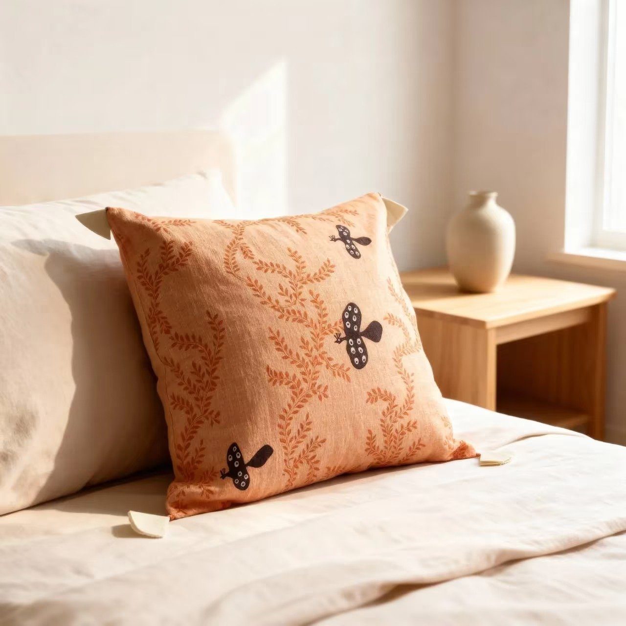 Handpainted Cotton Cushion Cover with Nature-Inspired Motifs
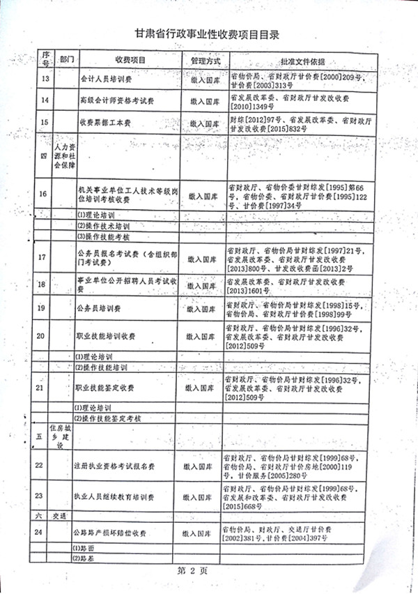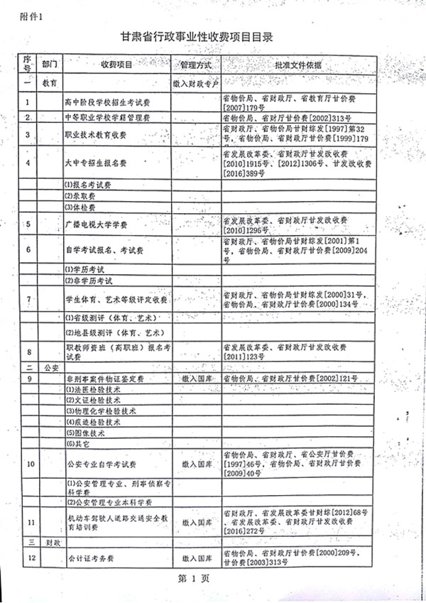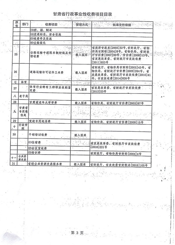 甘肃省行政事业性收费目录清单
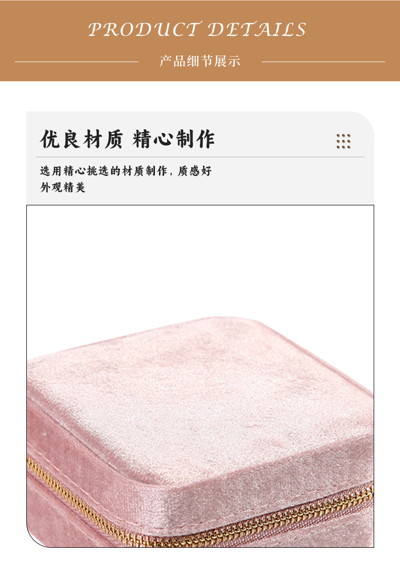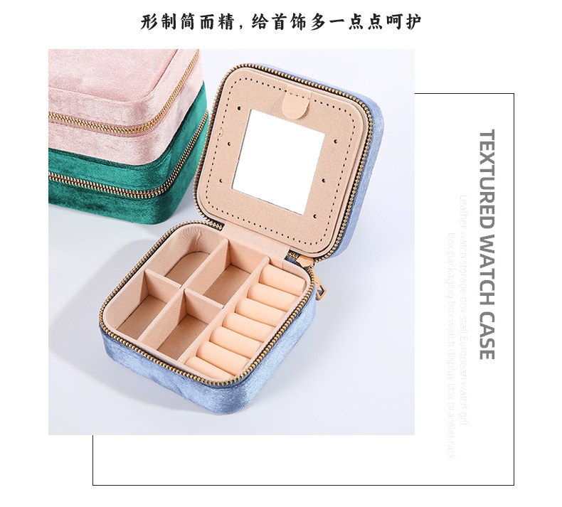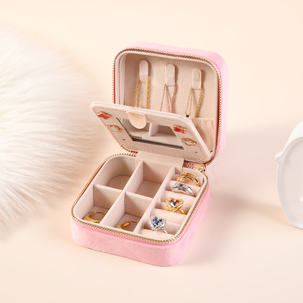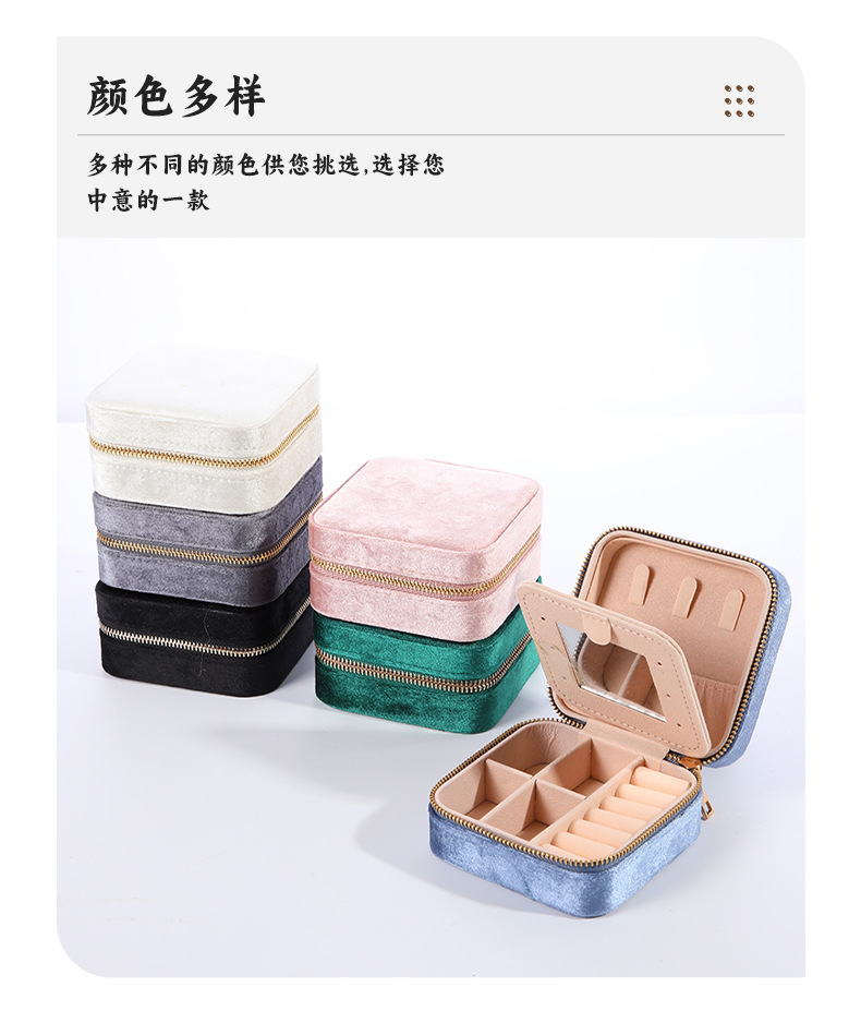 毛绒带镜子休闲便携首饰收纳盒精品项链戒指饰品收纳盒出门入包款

───

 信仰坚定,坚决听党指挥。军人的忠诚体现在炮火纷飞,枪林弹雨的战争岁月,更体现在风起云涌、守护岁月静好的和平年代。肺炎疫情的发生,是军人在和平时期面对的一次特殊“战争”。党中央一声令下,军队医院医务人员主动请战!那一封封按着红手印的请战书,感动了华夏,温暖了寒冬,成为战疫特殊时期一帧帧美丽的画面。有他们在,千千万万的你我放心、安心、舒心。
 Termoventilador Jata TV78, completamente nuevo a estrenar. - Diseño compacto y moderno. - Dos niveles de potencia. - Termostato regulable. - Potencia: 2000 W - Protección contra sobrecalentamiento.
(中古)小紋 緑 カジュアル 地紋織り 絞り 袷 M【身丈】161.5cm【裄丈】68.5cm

───

Exercise: Look above for the line with "Handpainted Cotton Cushion" and the line with "毛绒带镜子休闲便携首饰收纳盒精品项链戒指饰品收纳盒出门入包款". Copy them and every line between, exactly, but no pictures.

The answer:
 Handpainted Cotton Cushion Cover with Nature-Inspired Motifs
 甘肃省行政事业性收费目录清单
 毛绒带镜子休闲便携首饰收纳盒精品项链戒指饰品收纳盒出门入包款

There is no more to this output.